Hacker News new | ask | show | jobs
by benjamincburns 4465 days ago
I'm curious to know how much work they'd done on the idea ahead of time. If this was conceived during YC, they're definitely a very impressive team.

A few months ago I looked into building this exact product. If you're a DIY kinda person and you don't mind carrying around some extra bulk, it's somewhat easy to cobble something together. If you want a light/small brick w/ self-contained charging and output regulation that just works, it's much more difficult and potentially dangerous -- especially if you want it to charge fast enough that a 1h airport layover is meaningful. Add in more advanced battery management/conditioning schemes, and I'm just all kinds of impressed.

Though, this claim does irk me a little:

> With the same battery, we could charge to a full 100 percent and it won’t degrade

> Never experience loss in capacity again. A Li-ion battery powered by BatteryOS doesn’t degrade in capacity over time, and as a result has a 4x higher cycle life than when controlled by conventional methods.
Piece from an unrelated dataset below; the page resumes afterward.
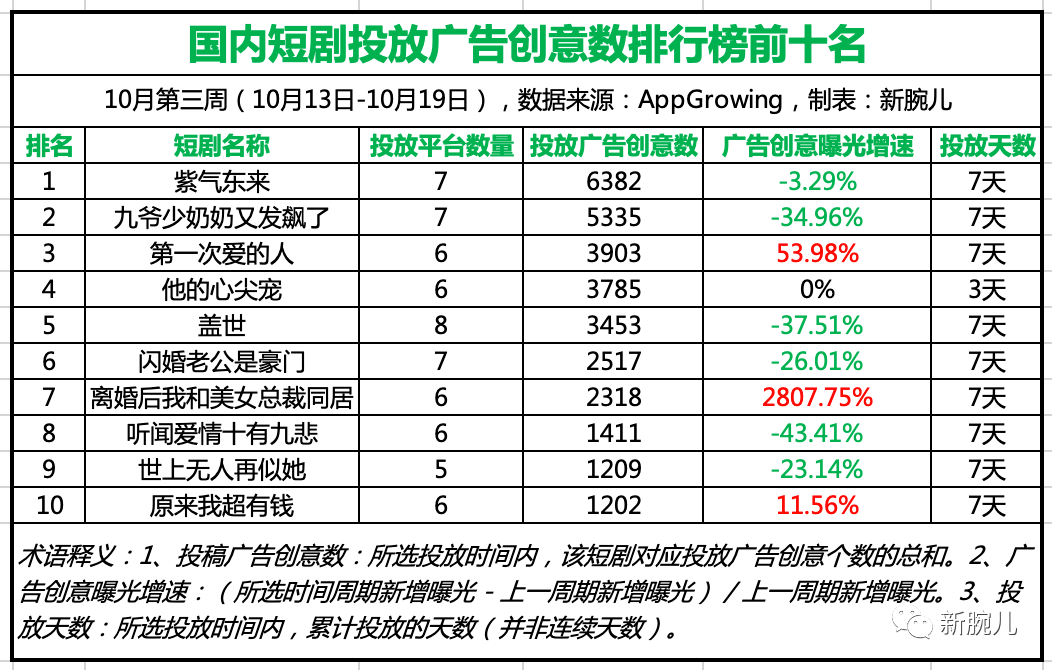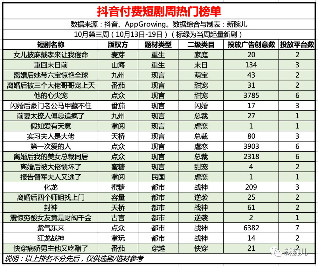 新腕儿解读当周短剧大数据:1、数据并非自然周数据,原始数据如此。

I think I need a better definition of "capacity degradation" here - if you acknowledge that there's still a charge cycle limit, I'm curious to know what happens once it's reached. Either way, I'm very sceptical of anything which claims to completely eliminate the effects of entropy.

1 comments

There are 100s of ways to game this cycle spec too. For example, for all we know there is a 100WHr pack inside the box and they only make 50WHr of it available to the user. This way you can make a 50WHr battery that effectively never "degrades". The BatteryOS just manages the "reserve". Then the only thing they are really measuring is the speed at which their algorithm looses calibration. The software for many BMUs (battery management units) actually does this today.
That's not a terrible idea, actually.

When you purchase any NAND flash device like a USB stick or an SSD, essentially the same thing is happening. The raw storage is much higher, but due to a high raw bit error rate (see NAND displacement errors), the need for wear leveling, and the need for reserve blocks to swap into service as the device ages, the claimed capacities are reduced to accommodate MTBF and observed bit error specs.

In cases such as this I think it'd be disingenuous not to drop your claimed specs to reflect the actual usefulness of the device.

Except they explicitly state that they don't do this. They refer to the 50% charge scheme being used in the Chevy Volt and claim they don't do that.